**PROMPT**
What is needed is an exact copy of the listing, with no pictures in it.

**DATASET SECTION**
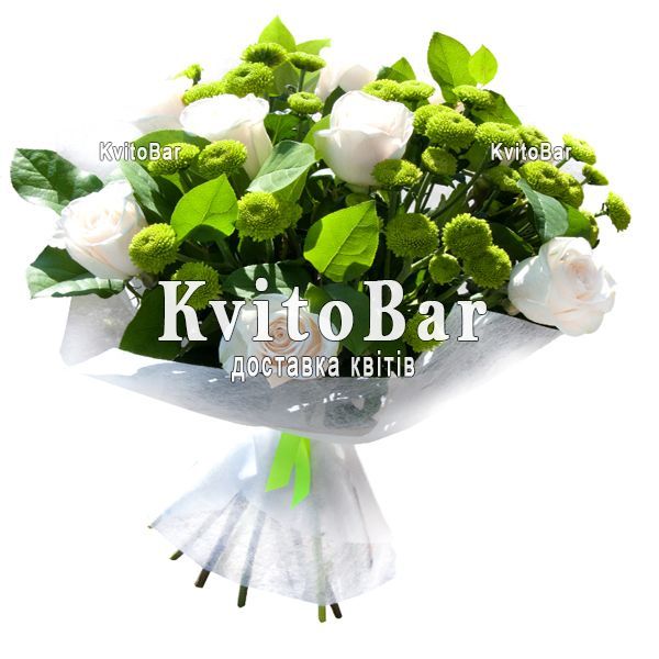 5 кремових троянд, 6 зелених хризантем, зелень, оформлення
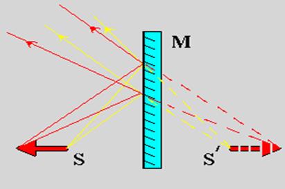 Дійсне джерело та його зображення розташовані симетрично відносно дзеркала. Спостерігачеві здається, що відбиті промені виходять з точки S', розташованої за дзеркалом симетрично точці S.
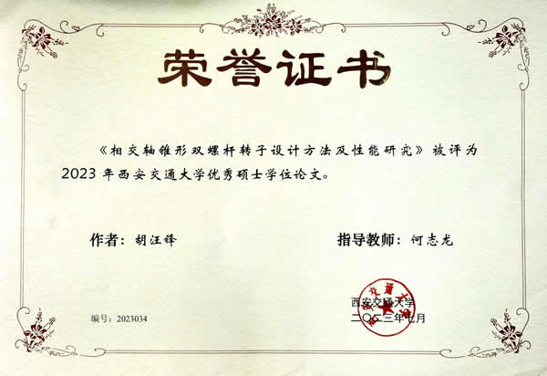 胡汪锋同学的毕业论文《相交轴锥形双螺杆转子设计方法及性能研究》,被评为2023 年西安交通大学优秀硕士学位论文。
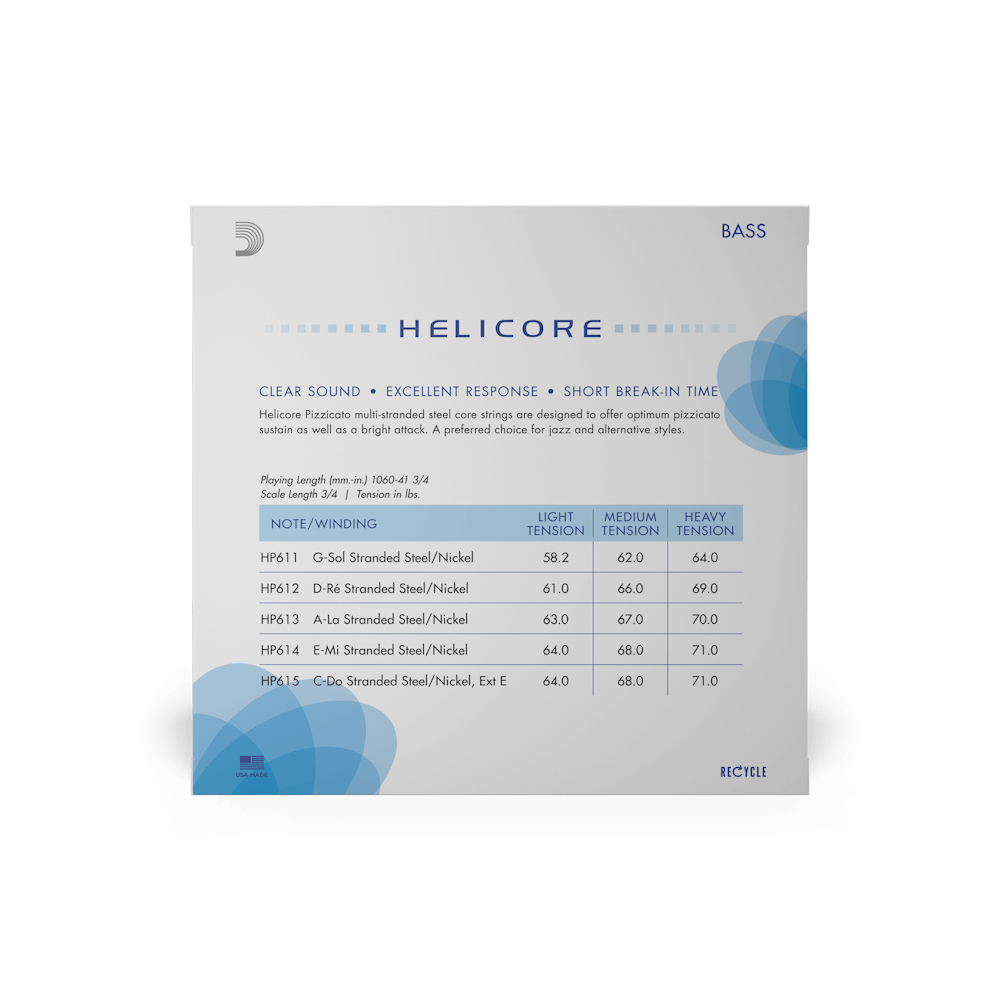 D'Addario Helicore Pizzicato Bass Single D String, 3/4 Scale, Heavy Tension

**ANSWER AREA**
 5 кремових троянд, 6 зелених хризантем, зелень, оформлення
 Дійсне джерело та його зображення розташовані симетрично відносно дзеркала. Спостерігачеві здається, що відбиті промені виходять з точки S', розташованої за дзеркалом симетрично точці S.
 胡汪锋同学的毕业论文《相交轴锥形双螺杆转子设计方法及性能研究》,被评为2023 年西安交通大学优秀硕士学位论文。
 D'Addario Helicore Pizzicato Bass Single D String, 3/4 Scale, Heavy Tension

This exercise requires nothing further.